Our Vices are our needs, and so they make us live as persons that must always be meeting their needs, as it is with starving people. No one can do all or even most of the things he wants until he provides for the things he needs, but our vices leave us continually in a state of need. As a consequence, our vices always keep us from doing what we want.

There were many things I have wanted to do, and that were very much within my power to do. I have done few of them. Our vices keep us too busy doing nothing to do anything. We might do what we want for an hour, or a day, or a scattered few days, But the demanding schedule of vice will crush what we want within minutes or hours or days, rendering it a wish, or a daydream… a thing that we must try to do later, or tomorrow, or some other time.

The basis for calling a certain habit a vice is that it keeps us from doing what we want. Certain uses of our ability to determine our own lives (freedom) result in habits that destroy our ability to determine what we want to do with our lives. There is room to dispute whether the habit of doing X or Y is a vice, but there can be no doubt at all that whatever is a vice is an action where we habitually do what is bad i.e. what we do not and cannot want.
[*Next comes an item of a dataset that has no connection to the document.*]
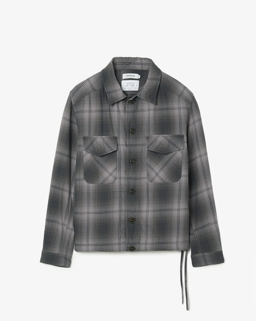 TROOPER SHIRT JACKET COTTON TWILL OMBRE CHECK by Rafu (GRAY) NN-SJ4802

The ultimate problem with man is that he only has a vague idea of what he really wants. That being said, we are all clear enough on not wanting to be junkies, drunks, whores, obese gluttons, complainers, arrogant jerks, or stingy pinchpennies. None of these people do most of the things the want, and what few things they do, they do more often then not poorly or in a self destructive way.

Vice flips our lives inside out. We were meant to have our needs on the periphery and our wants and loves at the center of our lives. Vices make our needs central to our life, and our wants and loves get pushed further and further into the periphery, until everything we ever wanted out of life recedes and is shrouded in weakness and shadow.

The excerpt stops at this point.